Arguing from Basic Intuition

In this argument Lewis points to the basic intuition that love is good and hatred bad; that helping is good and harming is bad. He explains that this intuition leads the pacifist to believe that by doing good we can or must help all. For example, it is not enough to help one homeless person, for if you help one you must help all that you see. He then goes on to refute the pacifist claim by pointing out that by doing good, we choose to whom the good is being done while also to whom the good is not being done. Implicit in the argument is what Lewis describes as the law of beneficence which “involves not doing some good to some men at some time.”[2] This then turns into a slippery slope where helping one while not another slowly turns into helping one while having to ignore the plight of another and then to helping one at the expense of another, the final slip in the slope is helping one while causing harm to another.[3]

Shifting the focus from the individual to society as a whole, Lewis addresses the pacifist underlying assertion that war is always the greatest evil. He goes on to say that the absorption of one society by another and the oppression of religion is in fact worse than the war to prevent it.[4] However it’s here that Lewis makes an assertion which I disagree with wholly. Trying to justify the loss of life during war, Lewis contends that one can be comforted to know that the dead gave their lives while fighting for what according to them was the right or just side. I don’t find this comforting or even true; especially in a world where people are coerced to fight by threats of torture or death and children are kidnapped and forced to fight after being pumped full of drugs and beaten. I would like to ask Lewis if he truly believed all of Hitler’s SS men wanted to be there. Here, while it doesn’t alter the arguments conclusion, I think Lewis falters. In fact I would say that forcing someone to fight is actually a greater evil than war or oppression.
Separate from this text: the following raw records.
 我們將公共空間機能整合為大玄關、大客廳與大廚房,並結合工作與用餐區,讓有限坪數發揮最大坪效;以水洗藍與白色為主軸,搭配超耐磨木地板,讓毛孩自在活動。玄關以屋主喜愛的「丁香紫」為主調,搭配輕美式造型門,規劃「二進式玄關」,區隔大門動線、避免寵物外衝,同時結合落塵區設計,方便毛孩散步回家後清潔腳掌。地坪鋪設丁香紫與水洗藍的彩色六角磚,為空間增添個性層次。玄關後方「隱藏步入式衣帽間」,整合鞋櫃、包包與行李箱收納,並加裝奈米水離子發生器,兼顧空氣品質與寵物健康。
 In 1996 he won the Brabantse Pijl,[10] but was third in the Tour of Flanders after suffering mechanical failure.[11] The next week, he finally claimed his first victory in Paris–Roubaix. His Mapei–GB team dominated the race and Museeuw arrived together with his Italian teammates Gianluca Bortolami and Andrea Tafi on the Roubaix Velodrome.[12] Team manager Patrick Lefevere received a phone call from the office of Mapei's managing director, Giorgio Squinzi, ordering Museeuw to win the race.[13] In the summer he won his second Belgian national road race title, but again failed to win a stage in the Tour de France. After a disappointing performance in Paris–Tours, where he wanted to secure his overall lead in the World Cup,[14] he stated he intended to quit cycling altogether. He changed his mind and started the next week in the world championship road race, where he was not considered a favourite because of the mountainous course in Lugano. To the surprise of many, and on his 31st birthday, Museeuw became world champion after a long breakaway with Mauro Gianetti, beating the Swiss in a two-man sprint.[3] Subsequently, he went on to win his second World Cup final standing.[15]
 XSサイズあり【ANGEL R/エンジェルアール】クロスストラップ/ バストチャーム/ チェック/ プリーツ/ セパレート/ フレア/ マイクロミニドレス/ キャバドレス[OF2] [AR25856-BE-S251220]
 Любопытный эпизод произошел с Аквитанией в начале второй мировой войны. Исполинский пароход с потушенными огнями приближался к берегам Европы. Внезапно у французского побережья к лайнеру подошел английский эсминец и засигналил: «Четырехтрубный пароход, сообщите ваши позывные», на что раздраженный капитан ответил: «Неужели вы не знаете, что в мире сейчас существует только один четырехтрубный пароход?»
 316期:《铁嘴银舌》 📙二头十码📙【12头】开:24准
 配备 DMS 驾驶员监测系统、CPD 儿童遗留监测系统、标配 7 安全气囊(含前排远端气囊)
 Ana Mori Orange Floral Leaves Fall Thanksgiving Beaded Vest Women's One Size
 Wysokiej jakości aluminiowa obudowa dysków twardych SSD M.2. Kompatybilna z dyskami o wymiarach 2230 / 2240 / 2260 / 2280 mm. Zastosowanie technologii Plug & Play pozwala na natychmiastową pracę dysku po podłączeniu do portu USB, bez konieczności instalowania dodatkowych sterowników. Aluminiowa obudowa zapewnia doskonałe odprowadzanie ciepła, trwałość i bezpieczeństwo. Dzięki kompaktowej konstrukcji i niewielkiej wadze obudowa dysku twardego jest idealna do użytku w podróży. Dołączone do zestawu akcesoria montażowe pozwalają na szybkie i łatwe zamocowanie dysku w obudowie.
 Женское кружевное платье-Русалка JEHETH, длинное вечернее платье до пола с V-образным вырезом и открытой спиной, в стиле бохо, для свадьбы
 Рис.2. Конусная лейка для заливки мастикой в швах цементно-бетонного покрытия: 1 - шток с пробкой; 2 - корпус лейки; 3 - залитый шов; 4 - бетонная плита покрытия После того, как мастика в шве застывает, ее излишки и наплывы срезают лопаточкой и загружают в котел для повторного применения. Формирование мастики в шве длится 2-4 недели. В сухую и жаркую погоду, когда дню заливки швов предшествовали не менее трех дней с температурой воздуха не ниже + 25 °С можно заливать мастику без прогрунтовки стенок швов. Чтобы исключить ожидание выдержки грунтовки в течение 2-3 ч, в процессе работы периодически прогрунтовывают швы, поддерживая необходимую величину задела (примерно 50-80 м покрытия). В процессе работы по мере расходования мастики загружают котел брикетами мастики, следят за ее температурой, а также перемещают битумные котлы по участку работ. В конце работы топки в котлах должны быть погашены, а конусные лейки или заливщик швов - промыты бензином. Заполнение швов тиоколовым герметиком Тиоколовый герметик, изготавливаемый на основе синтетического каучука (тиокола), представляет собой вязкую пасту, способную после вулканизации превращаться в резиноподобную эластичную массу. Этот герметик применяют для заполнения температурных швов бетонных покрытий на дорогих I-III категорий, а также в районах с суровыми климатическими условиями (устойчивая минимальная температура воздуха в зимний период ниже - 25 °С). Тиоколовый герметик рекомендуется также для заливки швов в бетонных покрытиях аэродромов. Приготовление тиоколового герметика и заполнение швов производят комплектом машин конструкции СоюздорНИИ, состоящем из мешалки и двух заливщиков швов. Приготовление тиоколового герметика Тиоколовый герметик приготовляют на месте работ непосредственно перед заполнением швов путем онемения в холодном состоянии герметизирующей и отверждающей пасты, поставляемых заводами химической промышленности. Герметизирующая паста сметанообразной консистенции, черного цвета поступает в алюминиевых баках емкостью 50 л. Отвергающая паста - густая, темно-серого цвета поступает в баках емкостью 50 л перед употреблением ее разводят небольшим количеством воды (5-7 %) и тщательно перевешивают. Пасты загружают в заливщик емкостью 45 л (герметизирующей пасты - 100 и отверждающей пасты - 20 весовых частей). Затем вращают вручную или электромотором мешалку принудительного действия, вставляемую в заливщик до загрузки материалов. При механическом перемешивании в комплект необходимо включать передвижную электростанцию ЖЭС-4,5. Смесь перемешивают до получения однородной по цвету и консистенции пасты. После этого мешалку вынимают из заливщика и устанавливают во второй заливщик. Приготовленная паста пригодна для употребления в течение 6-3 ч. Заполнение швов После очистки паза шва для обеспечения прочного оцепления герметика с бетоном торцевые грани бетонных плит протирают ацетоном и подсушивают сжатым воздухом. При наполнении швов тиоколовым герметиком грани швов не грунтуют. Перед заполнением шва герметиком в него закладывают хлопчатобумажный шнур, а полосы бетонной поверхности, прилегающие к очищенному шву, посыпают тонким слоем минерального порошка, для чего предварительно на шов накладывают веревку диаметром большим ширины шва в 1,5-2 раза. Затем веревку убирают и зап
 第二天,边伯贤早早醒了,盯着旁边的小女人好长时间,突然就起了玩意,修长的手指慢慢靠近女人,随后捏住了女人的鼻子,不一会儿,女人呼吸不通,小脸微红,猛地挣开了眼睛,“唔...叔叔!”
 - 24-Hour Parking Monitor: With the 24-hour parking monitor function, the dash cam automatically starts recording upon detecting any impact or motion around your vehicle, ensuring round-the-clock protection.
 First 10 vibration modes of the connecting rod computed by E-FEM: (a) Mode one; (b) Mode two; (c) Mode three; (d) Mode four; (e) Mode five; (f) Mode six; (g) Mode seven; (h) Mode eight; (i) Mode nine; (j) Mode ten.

Lewis addresses an attempt by the pacifist to prove their position once they are forced to give some ground; this time through the use of a more political and calculating mode of intuition. When forced to acknowledge that war may not be the worst evil they may rebut, “But every war leads to another war.”[5] And with this the pacifist implies an infinite regress of wars, leading to the conclusion that we must focus our attempts to do away with war. To accomplish this they might suggest that society should propagate the pacifist philosophy far and wide; eventually permeating all societies and cultures globally. To this Lewis responds,

This seems to me wild work. Only liberal societies tolerate Pacifists. In the liberal society, the number of Pacifists will either be large enough to cripple the state as a belligerent, or not. If not, you have done nothing. If it is large enough, then you have handed over the state which does tolerate Pacifists to its totalitarian neighbour who does not.[6]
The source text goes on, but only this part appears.